All sorts of persons, and every individual, has a place to fill in the world, and is important in some respects, whether he chooses to be so or not.
A Thanksgiving dinner. All the miserable on earth are to be invited,—as the drunkard, the bereaved parent, the ruined merchant, the broken-hearted lover, the poor widow, the old man and woman who have outlived their generation, the disappointed author, the wounded, sick, and broken soldier, the diseased person, the infidel, the man with an evil conscience, little orphan children, or children of neglectful parents, shall be admitted to the table, and many others. The giver of the feast goes out to deliver his invitations. Some of the guests he meets in the streets, some he knocks for at the doors of their houses. The description must be rapid. But who must be the giver of the feast, and what his claims to preside? A man who has never found out what he is fit for, who has unsettled aims or objects in life, and whose mind gnaws him, making him the sufferer of many kinds of misery.
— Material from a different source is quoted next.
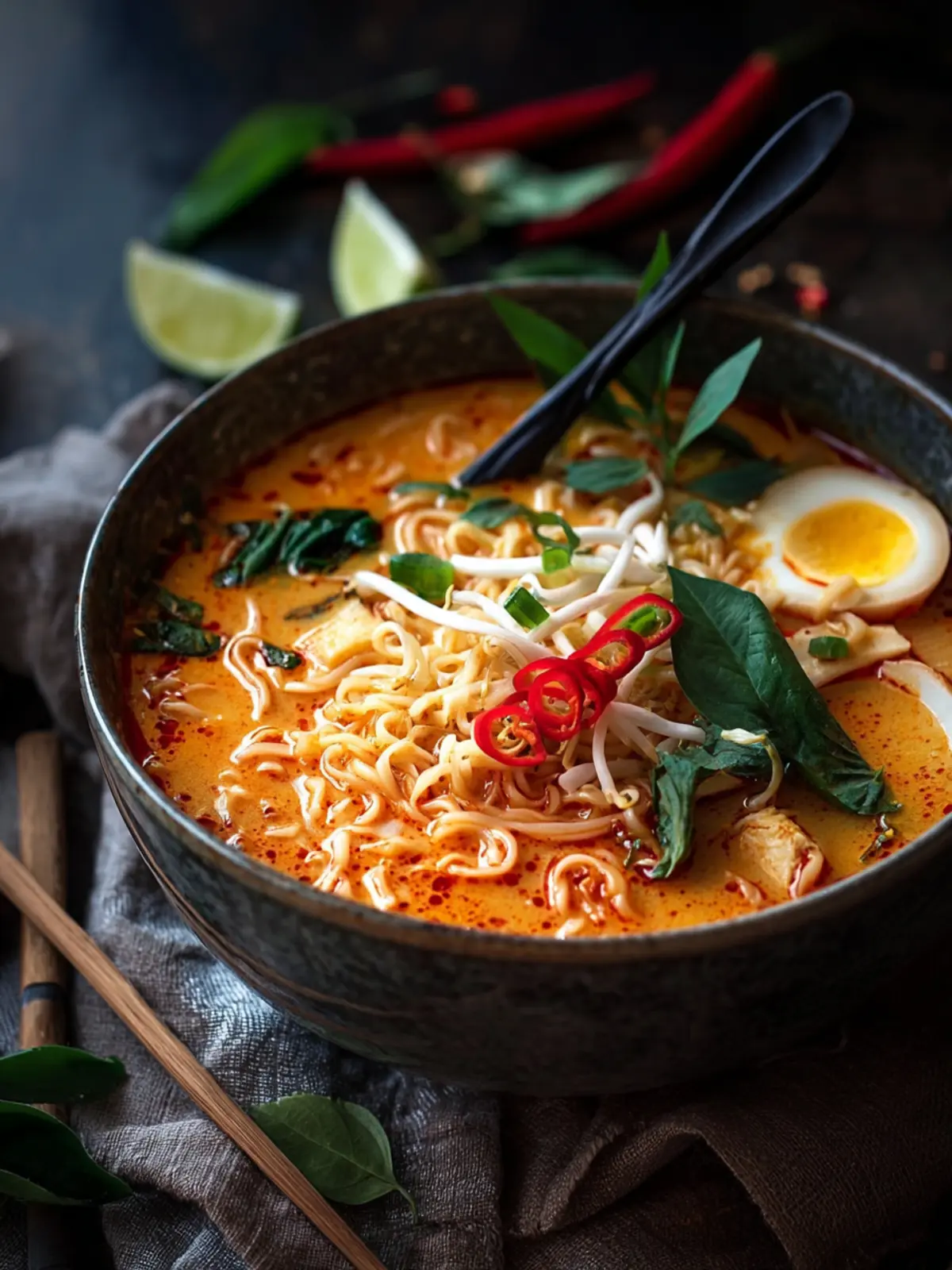 A delicious and spicy Thai coconut noodle soup that is easy to prepare and perfect for any occasion.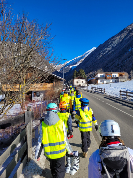 Als wir alle am Schenkenseeparkplatz angekommen waren, haben wir uns erstmal von unseren Eltern verabschiedet sind anschließend losgefahren. Um 18:00 Uhr sind wir nach einer anstrengenden Fahrt im Gasserhof angekommen. Zuerst waren wir erst einmal beim SportGatterer, unsere Skimaterialien auszuleihen und abzustellen. Das Abendprogramm bestand im finden unserer Mini-Olympiaden Gruppen und das bemalen der Warnwesten, die wir zum Skifahren anzogen. Ab diesem Tag wurden auch von den Betreuern fleißig Bollen gesammelt. Bollen bekommt man z.B. wenn ein Mitarbeiter die Regeln bricht, auf der Piste hinfällt oder etwas vergisst etc.

He should meet some pious, old, sorrowful person, with more outward calamities than any other, and invite him with a reflection that piety would make all that miserable company truly thankful.
Merry, in merry England, does not mean mirthful; but is corrupted from an old Teutonic word signifying famous or renowned.
In an old London newspaper, 1678, there is an advertisement, among other goods at auction, of a black girl of about fifteen years old, to be sold.
We sometimes congratulate ourselves at the moment of waking from a troubled dream: it may be so the moment after death.